MATERIAL PROVIDED —

============================================================

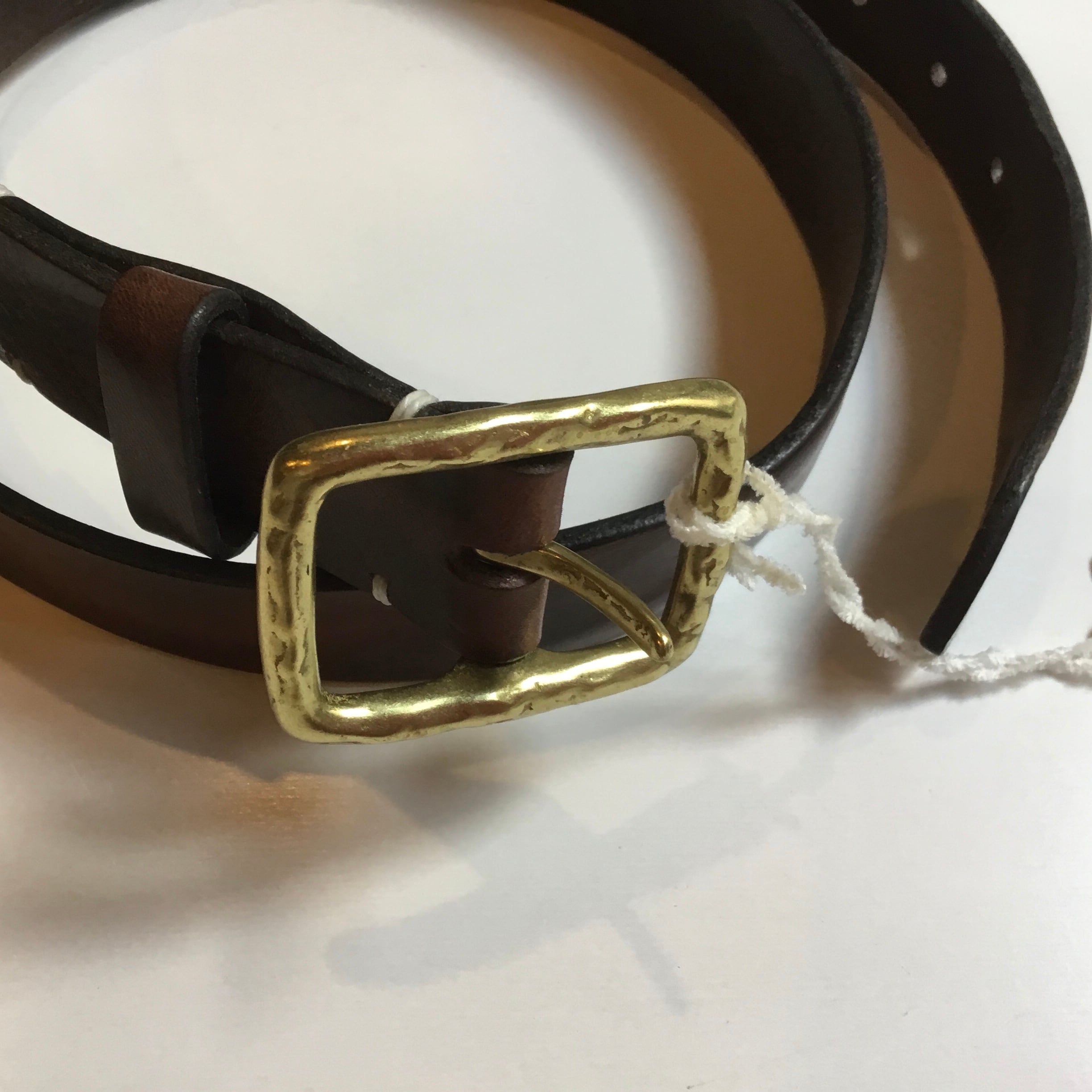 真鍮の味わいのあるバックル。厚みのあるしっかりとしたレザー。ウエスト最小74㎝から最大97㎝と幅のあるワンサイズのサイズ感。存在感のあるボトムス、デニムのコーデなどにぴったりの長くお使いいただけるベルトです。
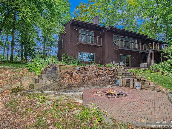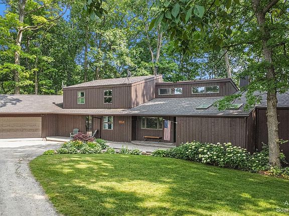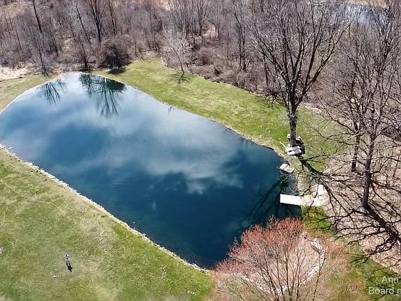 Nature lover's paradise on 24 wooded acres adjacent to state land, only 3 miles to town! Phenomenal property w/stocked pond for fishing & swimming w/beach & dock & endless hunting opportunities w/hardwoods, hunting shack & trails. No TV needed, head out to your own sports court to enjoy pickleball, tennis, basketball, hockey, etc. 4 bed/2.1 home features vaulted great rm w/office space & sunken living rm w/cozy FP & slider to deck overlooking beautiful views. Expansive vaulted dining w/sitting rm & Corian kitchen featuring snack bar, dbl oven & clever understair pantry. Fantastic mud/laundry rm w/tons of storage & full tile bath near main flr bed. Spacious primary ste offers private balcony, w/in closet & custom w/in shower. 2nd flr houses 2 more beds & half bath. W/out basement has famil family/rec space w/2nd FP, big workshop, many storage options & opens to patio & built in fire pit. Live like you're up north on private serene setting amongst the woods & wildlife. Tons of possibilities w/mature maples/syrup, hops/brewing & morels throughout the natural landscape. Acreage & taxes based on sum of two separate tax Id's incl. G -07-05-200-012., Primary Bath, Rec Room: Finished
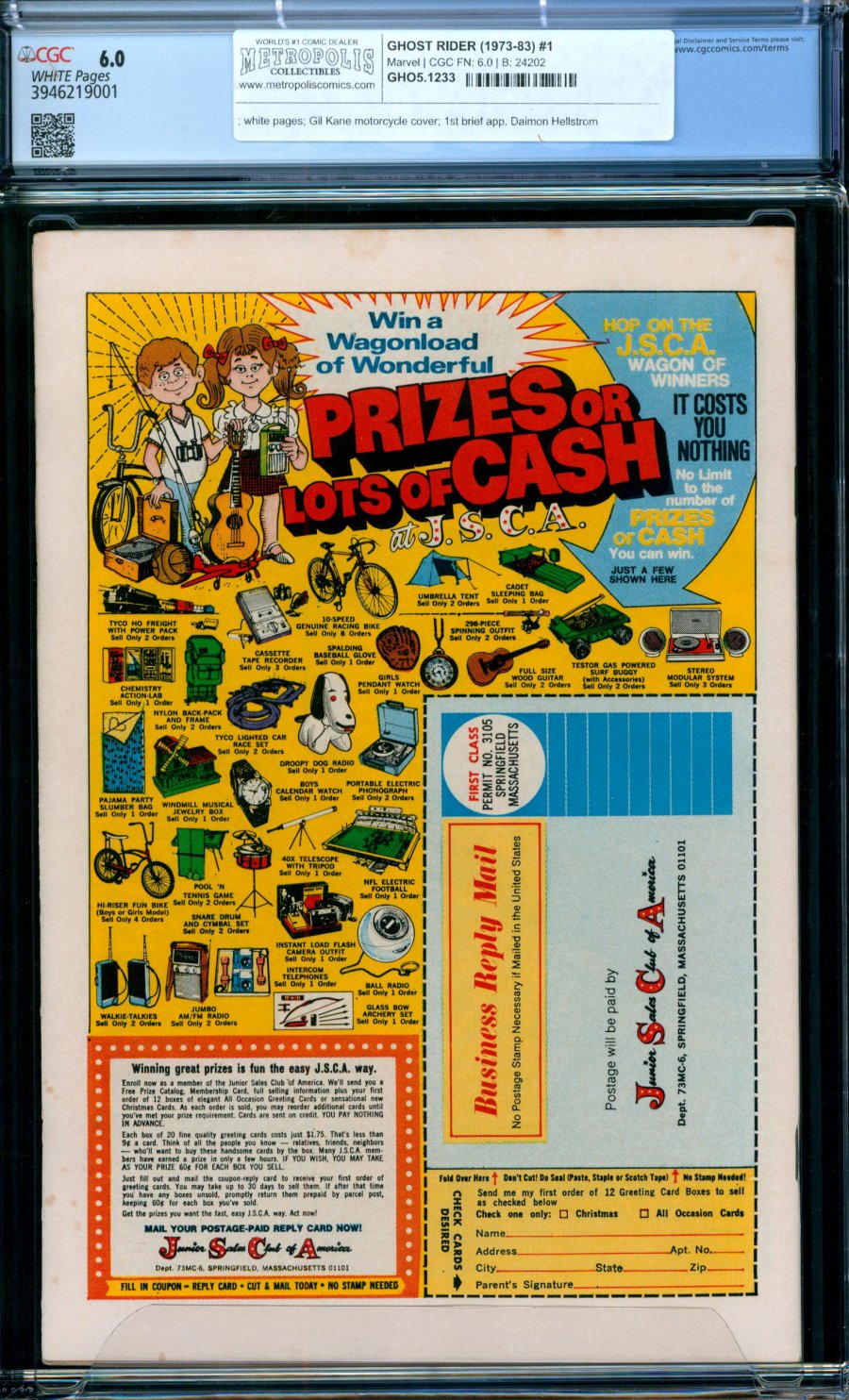 Ghost Rider's origins began in the Wild West, the original character was an eerie gunslinging horseback rider in his first iteration. Reimagined in the rough-and-tumble era of the 1970s as a motorcycle stuntman, no doubt influenced by the antics of Evel Knievel, Ghost Rider would become an instant cult success. The image of a rebel on a motorbike whose head is a flaming skull could simply not be denied, and the occult and supernatural trappings of his adventures appealed greatly to a public weaned on the grindhouse horrors of the era. This first issue of Ghost Rider capitalized on Johnny Blaze's success in the "try-out" anthology Marvel Spotlight which was spun off into this memorable and beloved series, spawning several reboots and motion pictures in the future.
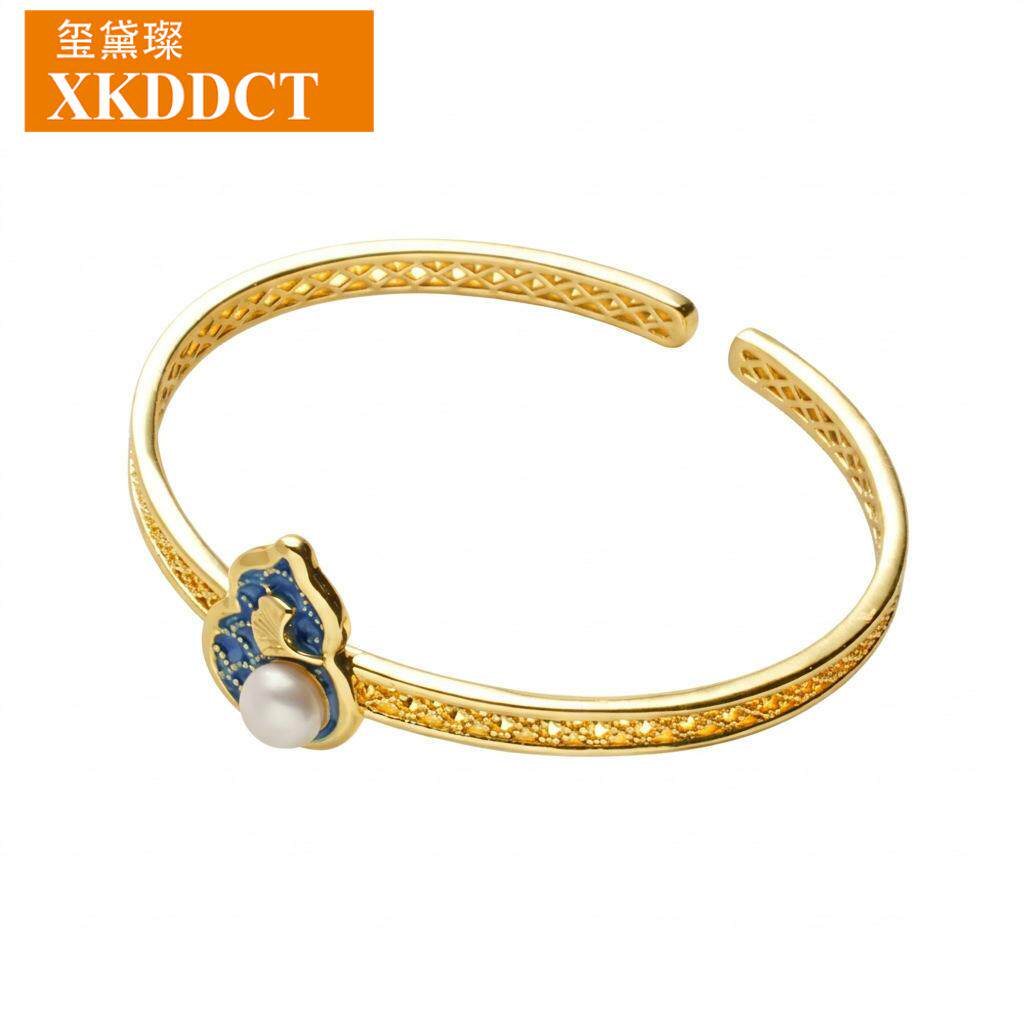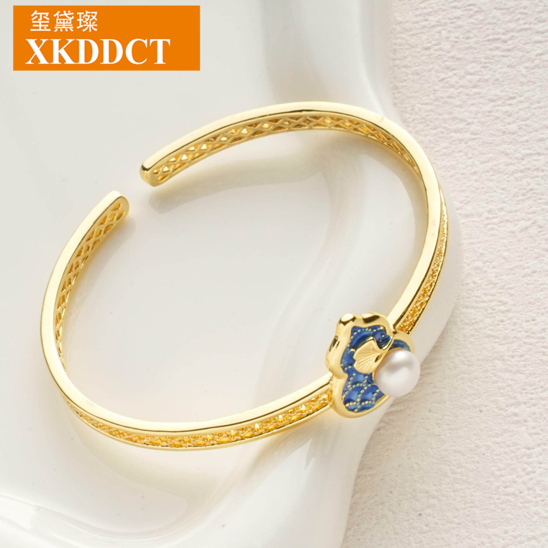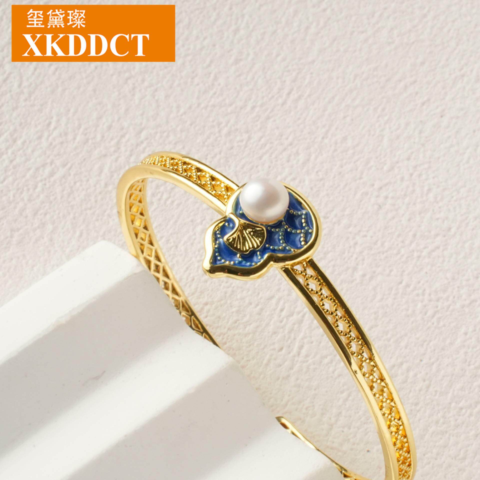 XKDDCT新款新中式蓝色葫芦珍珠手镯女开口设计气质轻奢百搭复古饰

============================================================

WORK TO BE COMPLETED — From the line containing "Nature lover's paradise" to the last line of the listing above, transcribe each line exactly, skipping the pictures.

ANSWER TO THE PROBLEM —
 Nature lover's paradise on 24 wooded acres adjacent to state land, only 3 miles to town! Phenomenal property w/stocked pond for fishing & swimming w/beach & dock & endless hunting opportunities w/hardwoods, hunting shack & trails. No TV needed, head out to your own sports court to enjoy pickleball, tennis, basketball, hockey, etc. 4 bed/2.1 home features vaulted great rm w/office space & sunken living rm w/cozy FP & slider to deck overlooking beautiful views. Expansive vaulted dining w/sitting rm & Corian kitchen featuring snack bar, dbl oven & clever understair pantry. Fantastic mud/laundry rm w/tons of storage & full tile bath near main flr bed. Spacious primary ste offers private balcony, w/in closet & custom w/in shower. 2nd flr houses 2 more beds & half bath. W/out basement has famil family/rec space w/2nd FP, big workshop, many storage options & opens to patio & built in fire pit. Live like you're up north on private serene setting amongst the woods & wildlife. Tons of possibilities w/mature maples/syrup, hops/brewing & morels throughout the natural landscape. Acreage & taxes based on sum of two separate tax Id's incl. G -07-05-200-012., Primary Bath, Rec Room: Finished
 Ghost Rider's origins began in the Wild West, the original character was an eerie gunslinging horseback rider in his first iteration. Reimagined in the rough-and-tumble era of the 1970s as a motorcycle stuntman, no doubt influenced by the antics of Evel Knievel, Ghost Rider would become an instant cult success. The image of a rebel on a motorbike whose head is a flaming skull could simply not be denied, and the occult and supernatural trappings of his adventures appealed greatly to a public weaned on the grindhouse horrors of the era. This first issue of Ghost Rider capitalized on Johnny Blaze's success in the "try-out" anthology Marvel Spotlight which was spun off into this memorable and beloved series, spawning several reboots and motion pictures in the future.
 XKDDCT新款新中式蓝色葫芦珍珠手镯女开口设计气质轻奢百搭复古饰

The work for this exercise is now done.